(Data items)
##############################

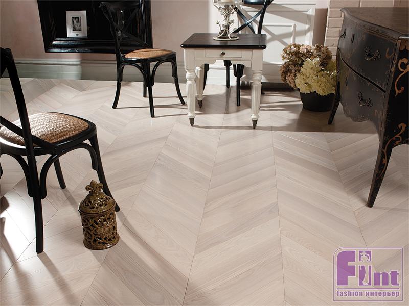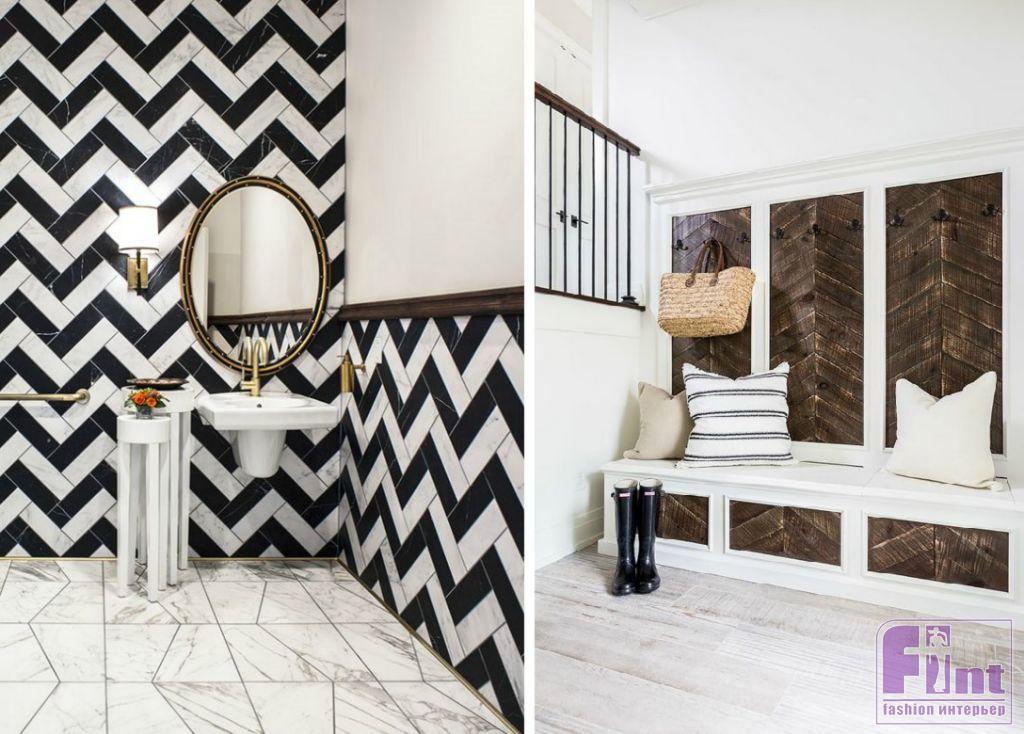 Обратите внимание, что ёлочка бывает двух видов: английская (herringbone, или классическая) и французская (chevron). Зигзаг английской ёлочки несколько сдвинут, потому что детали имеют прямоугольную форму, а французская имеет строгие прямые линии соединения полос благодаря элементам ромбической формы. «Ёлочные» столы и полы — это далеко не все. Под «ёлочку» дизайнеры в этом сезоне предлагают сделать ещё и стены, причем не важно, плитка это или настенные панели.
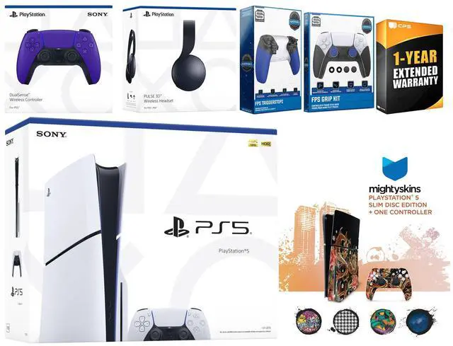 Sony PlayStation 5 Digital, 2x Controllers, Sony PULSE 3D Headset, FPS Grip Kit, Trigger Kit, MightySkins Code and 1 Year CPS Extended Warranty
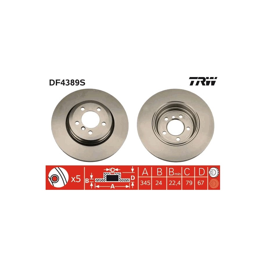 Brake Disc TRW DF4389S OE Ref 34 21 1 166 129
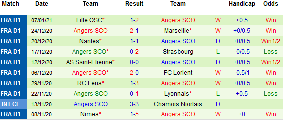 + Thống kê 10 trận gần nhất của Angers
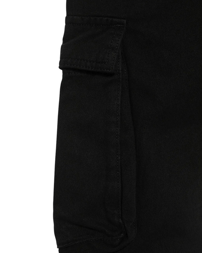 Pantaloni cargo da bambina realizzati in cotone. Presentano chiusura frontale con bottoni e zip, cinturino in vita, vita regolabile grazie ad elastico interno con bottoni, tasche laterali a filo e tasche cargo sui lati. Sono decorati con placca logata applicata sul retro.
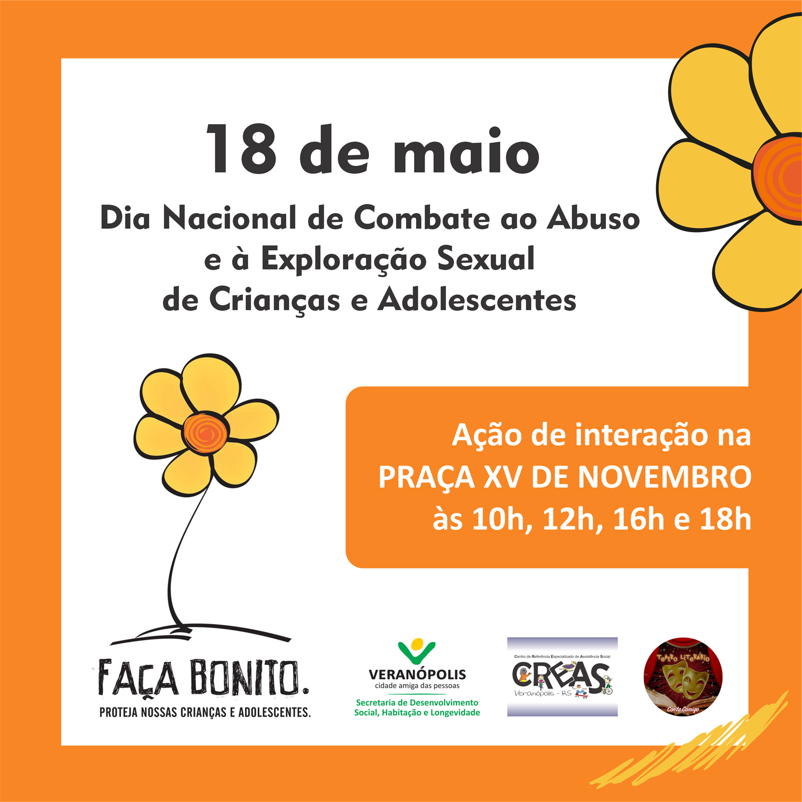 O dia 18 de maio é o Dia Nacional de combate ao abuso e à exploração sexual de crianças e adolescentes. Essa é uma data de luta, conscientização e mobilização de toda a sociedade em prol dos direitos humanos e contra a violência sexual de meninos e meninas no nosso município e em todo país.
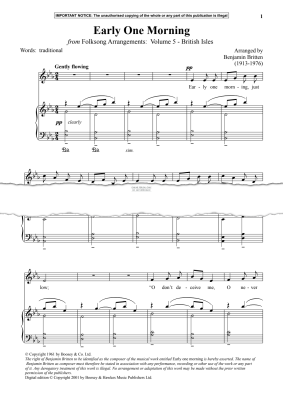 Early One Morning from 'Folksong Arrangements: Volume 5 - British Isles' - Noten für Gesang, Klavier English Folk Song
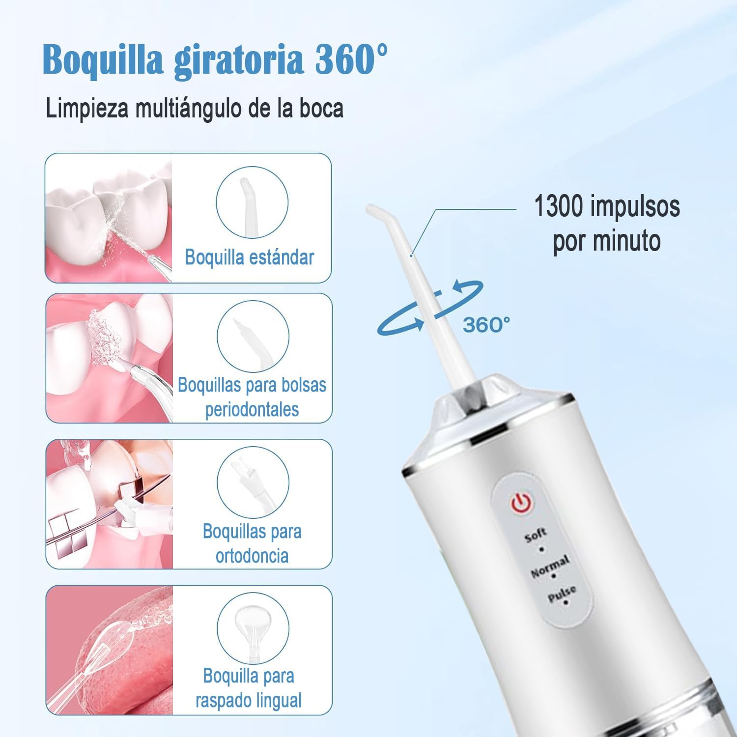 | Irrigador Dental Profesional | 3 modos (Suave / Normal / Pulso) + 4 boquillas |
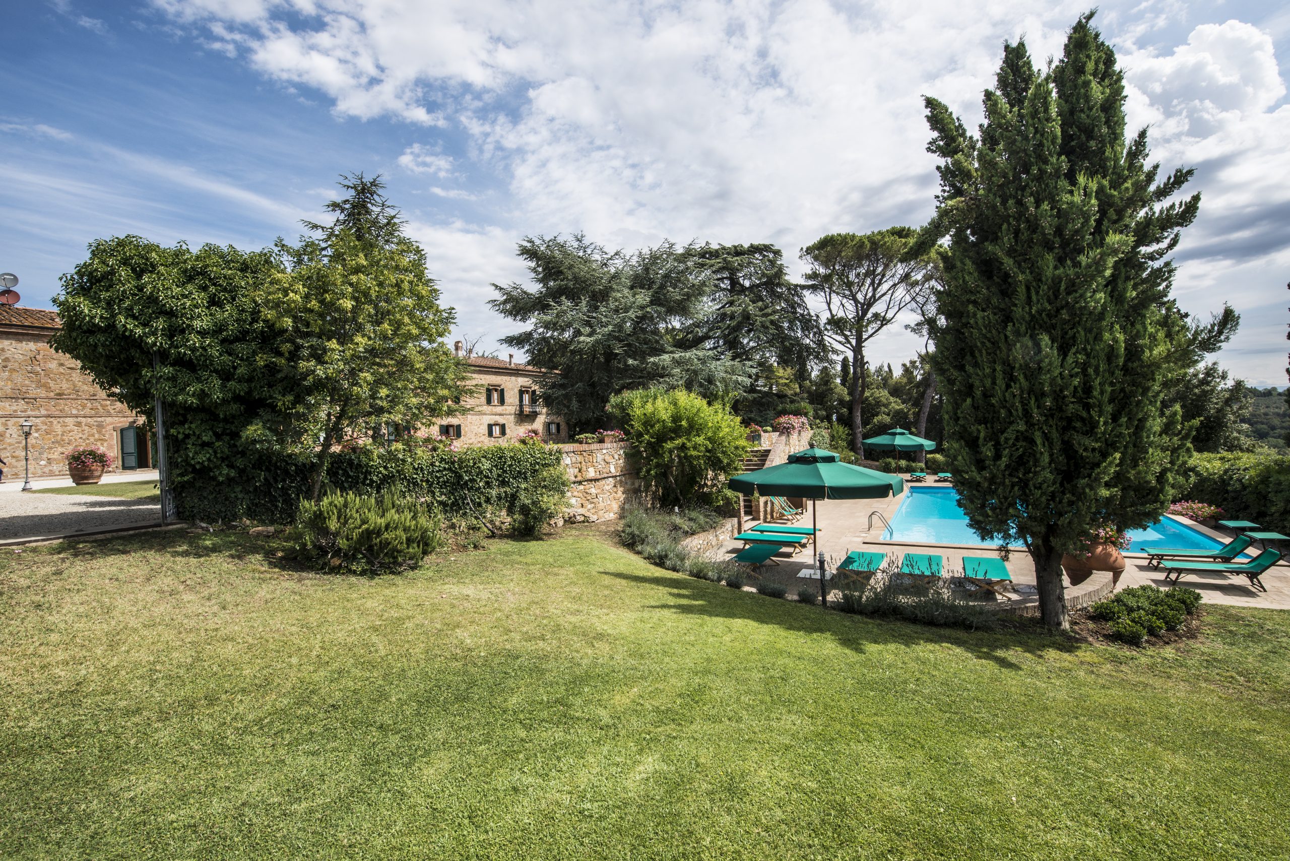 Nel cuore della fattoria si trova la villa dall’insolita forma allungata realizzata in pietra a faccia vista che può ospitare comodamente 25 persone ed è dotata di ogni comfort. Di fronte alla villa un ampio giardino dal quale si gode un panorama mozzafiato sulla campagna toscana. Una scala in pietra a doppia rampa conduce alla piscina, circondata da un grande prato dal quale si accede al caratteristico loggiato, dove è possibile mangiare e rilassarsi nella zona salotto. Sul retro del loggiato, un bagno, una grande doccia, due ampi spogliatoi e l’area attrezzata per la cucina con frigorifero.

##############################

| What the task requires |
Beginning with the line containing "Pantaloni cargo da" and ending with the last line of the data, output those lines exactly and nothing more. Omit every picture.

| Problem solution |
 Pantaloni cargo da bambina realizzati in cotone. Presentano chiusura frontale con bottoni e zip, cinturino in vita, vita regolabile grazie ad elastico interno con bottoni, tasche laterali a filo e tasche cargo sui lati. Sono decorati con placca logata applicata sul retro.
 O dia 18 de maio é o Dia Nacional de combate ao abuso e à exploração sexual de crianças e adolescentes. Essa é uma data de luta, conscientização e mobilização de toda a sociedade em prol dos direitos humanos e contra a violência sexual de meninos e meninas no nosso município e em todo país.
 Early One Morning from 'Folksong Arrangements: Volume 5 - British Isles' - Noten für Gesang, Klavier English Folk Song
 | Irrigador Dental Profesional | 3 modos (Suave / Normal / Pulso) + 4 boquillas |
 Nel cuore della fattoria si trova la villa dall’insolita forma allungata realizzata in pietra a faccia vista che può ospitare comodamente 25 persone ed è dotata di ogni comfort. Di fronte alla villa un ampio giardino dal quale si gode un panorama mozzafiato sulla campagna toscana. Una scala in pietra a doppia rampa conduce alla piscina, circondata da un grande prato dal quale si accede al caratteristico loggiato, dove è possibile mangiare e rilassarsi nella zona salotto. Sul retro del loggiato, un bagno, una grande doccia, due ampi spogliatoi e l’area attrezzata per la cucina con frigorifero.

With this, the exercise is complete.